* [TASK INSTRUCTIONS]
Retype only what runs from the first line of the listing to the line holding "استیکر طرح Pingu Listening To Music", both included. Do not retype the pictures.

Segment Start: THE DATA

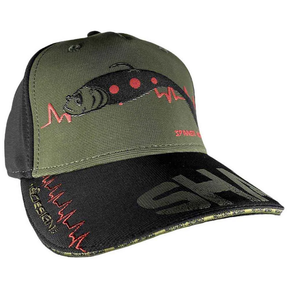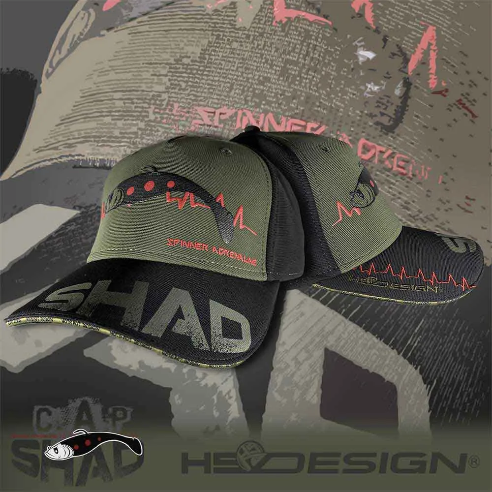 Parte delantera de la gorra: señuelo Shad en una impresión en relieve bien evidente con líneas de "adrenalina" bordadas en los dos lados.
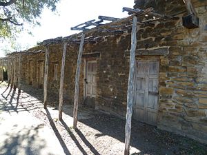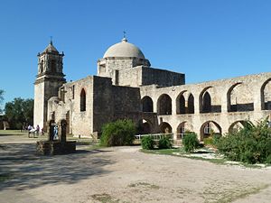 Mission San Jose y San Miguel de Aguayo (1720-1824) - A fortified Franciscan Spanish Mission established in 1720 by decree of the governor of Coahuila and Texas in present day Bexar County, Texas. Formally closed by the Franciscans in 1824. HistoryThe founding ceremonies for the mission were held on 23 Feb 1720. The mission concept included bringing Indians into the mission and organizing a Christian community with the Indian leaders functioning as the leaders of the community. The priest was responsible for the religious instruction and care of the community, two soldiers were originally assigned for protection. Additional protection was provided by soldiers stationed at the nearby Presidio San Antonio de Bexar. The mission was built as a rectangle with the outer walls constructed of stone and stone apartments lined the walls on three sides. The stone church and church quarters occupied the back of the compound. A granary and a grist mill were also located at the back of the compound. A single bastion provided protection for the main entrance. The soldiers quarters were built along the fourth side in back of the church. The missions were among the strongest fortifications built in texas. In 1768 at the peak of the missions growth, the population numbered 350 Indians housed in 84, two room apartments. In the 104 years of operation, over 2,000 Indians were baptized. Mission San Jose was formally closed on 29 Feb 1824 when the mission was secularized and all the church property turned over to the community. The Franciscans returned to the mission in 1931. The restoration of the mission began in the 1930s and continues today. The U.S. Congress created the San Antonio Missions National Historical Park in 1978 and operates the missions in a cooperative relationship with the Catholic Archdiocese of San Antonio. Worship services continue today.
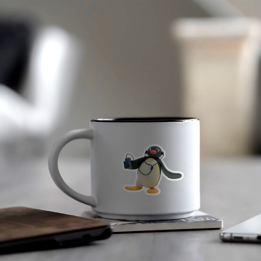 استیکر طرح Pingu Listening To Music
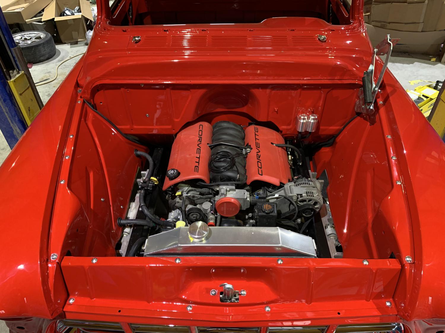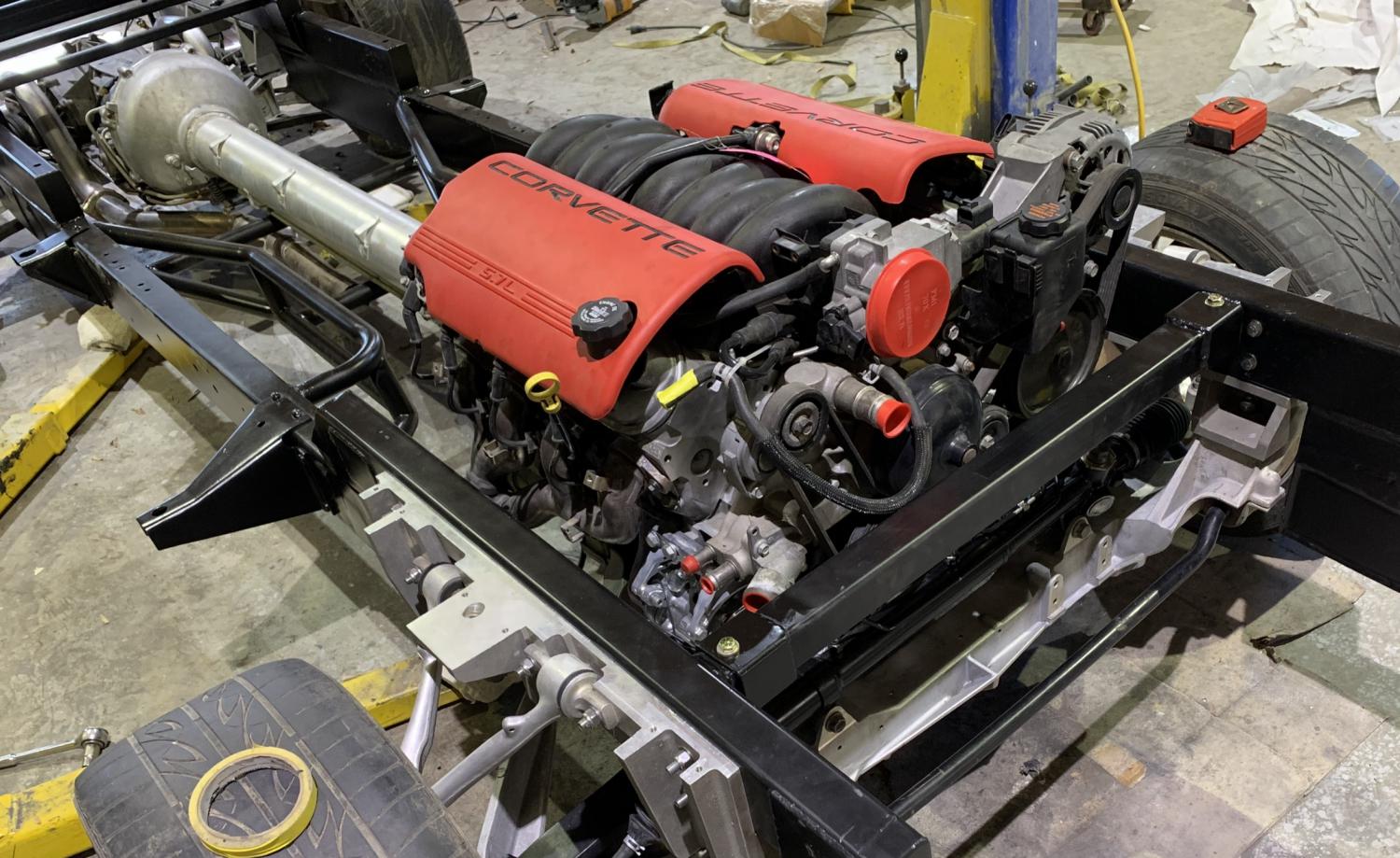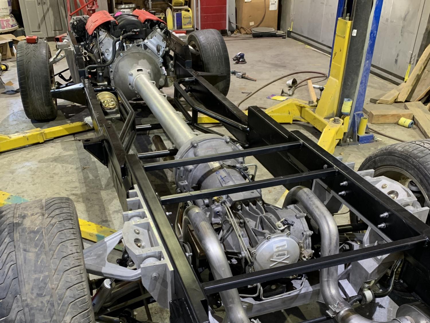 Final frame with drivetrain installed. The only non OEM Corvette parts are the Ridetech shocks. Springs, sway bars, rack etc are all C5. The C5 motor mounts and batwing oil pan are also used. I also found a used C5 Corsa exhaust system that I will use with extended tail pipes. Looking forward to that Corsa sound.
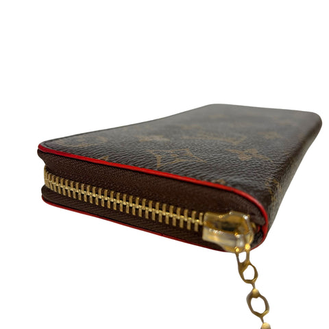 This wallet is crafted of traditional monogram toile canvas. The wallet features a cherry red resin trim and a polished brass 3/4 wrap-around zippe...

Segment End: THE DATA

* [RESPONSE TO THIS TASK]
 Parte delantera de la gorra: señuelo Shad en una impresión en relieve bien evidente con líneas de "adrenalina" bordadas en los dos lados.
 Mission San Jose y San Miguel de Aguayo (1720-1824) - A fortified Franciscan Spanish Mission established in 1720 by decree of the governor of Coahuila and Texas in present day Bexar County, Texas. Formally closed by the Franciscans in 1824. HistoryThe founding ceremonies for the mission were held on 23 Feb 1720. The mission concept included bringing Indians into the mission and organizing a Christian community with the Indian leaders functioning as the leaders of the community. The priest was responsible for the religious instruction and care of the community, two soldiers were originally assigned for protection. Additional protection was provided by soldiers stationed at the nearby Presidio San Antonio de Bexar. The mission was built as a rectangle with the outer walls constructed of stone and stone apartments lined the walls on three sides. The stone church and church quarters occupied the back of the compound. A granary and a grist mill were also located at the back of the compound. A single bastion provided protection for the main entrance. The soldiers quarters were built along the fourth side in back of the church. The missions were among the strongest fortifications built in texas. In 1768 at the peak of the missions growth, the population numbered 350 Indians housed in 84, two room apartments. In the 104 years of operation, over 2,000 Indians were baptized. Mission San Jose was formally closed on 29 Feb 1824 when the mission was secularized and all the church property turned over to the community. The Franciscans returned to the mission in 1931. The restoration of the mission began in the 1930s and continues today. The U.S. Congress created the San Antonio Missions National Historical Park in 1978 and operates the missions in a cooperative relationship with the Catholic Archdiocese of San Antonio. Worship services continue today.
 استیکر طرح Pingu Listening To Music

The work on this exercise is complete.